> _Activity_:
Give back all of the data exactly as it stands, with the pictures removed.

━━━━━ Supplied material

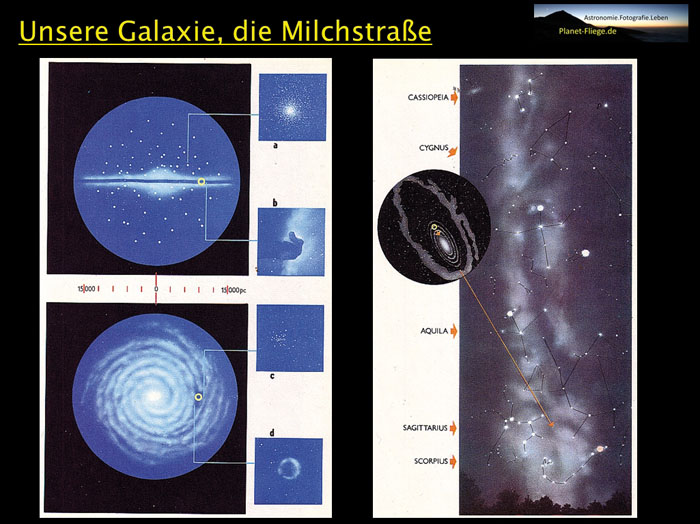 »Die Milchstraße ist eine Galaxie: ein sich drehender Knubbel, bestehend aus Milliarden von Sternen, der Spiralarme hinter sich herzieht. Ihre Form – es handelt sich um eine flache Scheibe mit breitem Durchmesser – erinnert an einen Diskus. Die Erde sitzt nun innerhalb dieser Galaxie, auf einem Spiralarm zwischen dem knubbeligen Zentrum und dem Rand. Was wir von unserer Position aus sehen, wenn wir in die ›Diskusebene‹ schauen, ist die Milchstraße: ein helles Band am Nachthimmel. Außer unserer gibt es natürlich noch viele andere Galaxien, aber die meisten sind weit weg und nur schwach erkennbar.«
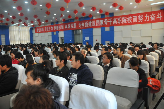10月25日下午,新葡京官网在坞城校区七楼会议室隆重召开了2011年青年教师培训动员大会,院领导,相关处室和各教学系部负责人,全院2004年(含)以后进校的全体青年教师参加了动员大会。院党委书记崔毅在动员大会上作了题为《全面加强师资队伍建设,积极推动骨干院校建设》的动员报告,动员大会由院党委副书记李志刚主持。
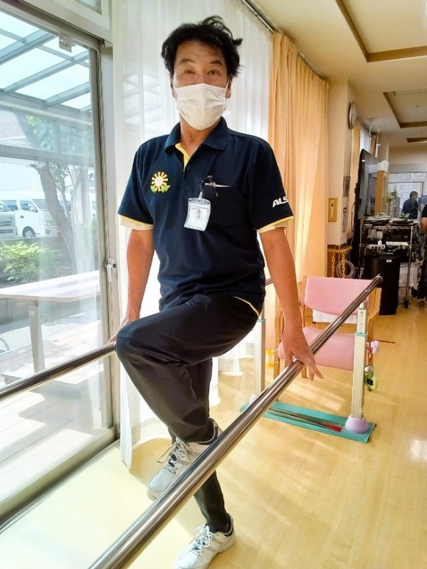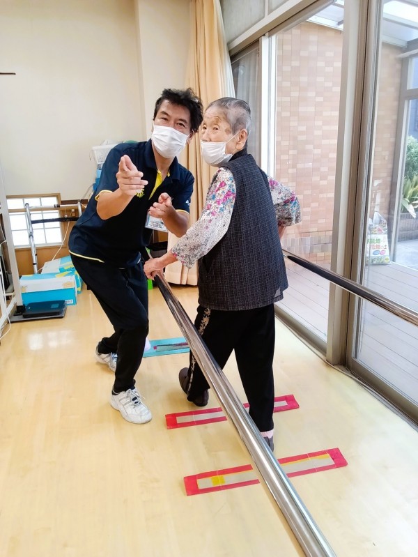 機能訓練指導員H・Tも汗を垂らし、息を切らしながらご利用者様の訓練をさせていただいております…!

━━━━━━━━━━

> _Task response_:
 »Die Milchstraße ist eine Galaxie: ein sich drehender Knubbel, bestehend aus Milliarden von Sternen, der Spiralarme hinter sich herzieht. Ihre Form – es handelt sich um eine flache Scheibe mit breitem Durchmesser – erinnert an einen Diskus. Die Erde sitzt nun innerhalb dieser Galaxie, auf einem Spiralarm zwischen dem knubbeligen Zentrum und dem Rand. Was wir von unserer Position aus sehen, wenn wir in die ›Diskusebene‹ schauen, ist die Milchstraße: ein helles Band am Nachthimmel. Außer unserer gibt es natürlich noch viele andere Galaxien, aber die meisten sind weit weg und nur schwach erkennbar.«
10月25日下午,新葡京官网在坞城校区七楼会议室隆重召开了2011年青年教师培训动员大会,院领导,相关处室和各教学系部负责人,全院2004年(含)以后进校的全体青年教师参加了动员大会。院党委书记崔毅在动员大会上作了题为《全面加强师资队伍建设,积极推动骨干院校建设》的动员报告,动员大会由院党委副书记李志刚主持。
 機能訓練指導員H・Tも汗を垂らし、息を切らしながらご利用者様の訓練をさせていただいております…!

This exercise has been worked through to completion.